Diese scheinbar einfachen Lösungen werden von den bohrenden und unbeirrbaren Fragen des Skeptizisten Ton für Ton demontiert. In einer unaufhaltsam in die Tiefe schreitenden Passacaglia zerfrisst seine Skepsis die idealisierten Ziele und endet in düsterer Ratlosigkeit über unsere Haltung. Wir vergessen: Wir sind Erde.

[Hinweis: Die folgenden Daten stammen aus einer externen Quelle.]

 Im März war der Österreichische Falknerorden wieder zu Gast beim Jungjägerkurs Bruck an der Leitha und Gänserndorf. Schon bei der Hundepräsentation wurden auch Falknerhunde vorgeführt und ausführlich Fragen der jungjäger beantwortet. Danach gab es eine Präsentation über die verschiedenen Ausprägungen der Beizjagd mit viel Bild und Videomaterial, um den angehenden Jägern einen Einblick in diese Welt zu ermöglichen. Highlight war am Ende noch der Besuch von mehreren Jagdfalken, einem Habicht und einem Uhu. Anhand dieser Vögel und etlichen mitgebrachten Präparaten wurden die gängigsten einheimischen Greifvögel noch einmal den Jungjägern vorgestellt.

Vor den unlösbar scheinenden Fragen fliehend, stützen sich die Menschen hoffnungsvoll auf den Lobpreis der Natur - den Sonnengesang. Während die Theistin betont, wie gut alles in der Schöpfung sei, mischt sich wieder das Beschleunigungsmotiv ein. Doch je deutlicher sich die nahende Katastrophe abzeichnet, umso mehr verhärten sich alle auf ihre eigene Sicht und verkeilen sich in einem Fugato ihrer Kernsätze. Der Skeptizist versucht in einem vergeblichen Aufschrei die Menschen wachzurütteln, doch sie sind festgefahren in ihren wirkungslosen Glaubenssätzen. Der rasende Stillstand überrollt alles.

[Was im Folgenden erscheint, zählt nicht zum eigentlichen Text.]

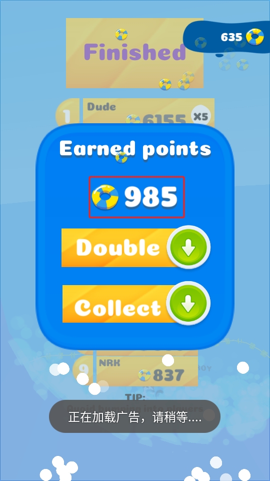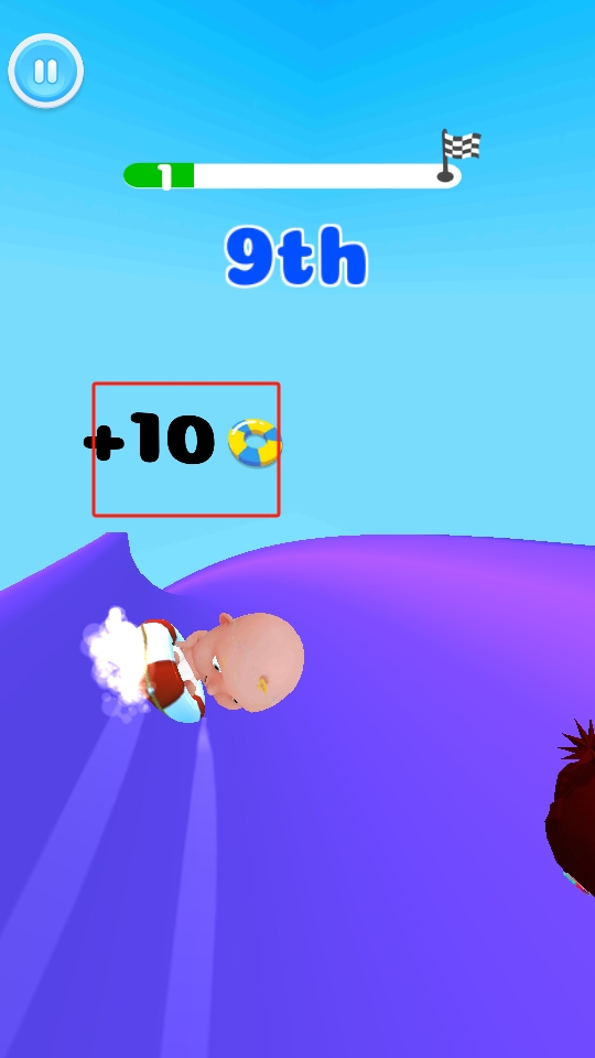 2、角色前进时,收集黄色游泳圈道具,每次收集可获得+10的奖励,助力提升分数与排名。

Im pantomimischen Bild einer rasenden Stille entlarvt er unsere wirkungslosen Worte. In eine zweite düster depressive Stille stellt der Chor die existenziellen Fragen nach Verantwortung und Sinn angesichts der unauflösbaren Gegensätze in uns Menschen. Erst die dritte und erstmals echte Stille lässt Raum für jeden in sich selbst hinein zu hören.

Nur ganz allmählich findet der 4. Satz Klang und Sprache wieder. Die Protagonisten singen jetzt nicht mehr jeder für sich, sondern übergeben sich die Phrasen. Sie erkennen, dass jeder nur einen Teil der Wahrheit in sich trägt und auf das Zusammenwirken der verschiedenen Sichtweisen angewiesen ist. In veränderter Form kehrt das Naturbild der Tropfen wieder: Die Hoffnung, auf die wir uns stützen, ist nur ein trockenes Samenkorn. Es braucht uns Menschentropfen um es zum Leben zu erwecken - Wichtiger als die Idee, ist die Wirklichkeit.

Kann Kunst Sinn stiften und Sinneswandel bewirken?

Nur dann, wenn wir die vielen Stimmen zusammenführen und daraus Bereitschaft zu konkreter Veränderung entsteht. Mit dem mahnenden Klang der tropfenden Zeit, mit dem das Stück begann, entlässt es uns, mit der Verantwortung aber auch der Hoffnung, die wir nirgendwo sonst finden als in uns selbst.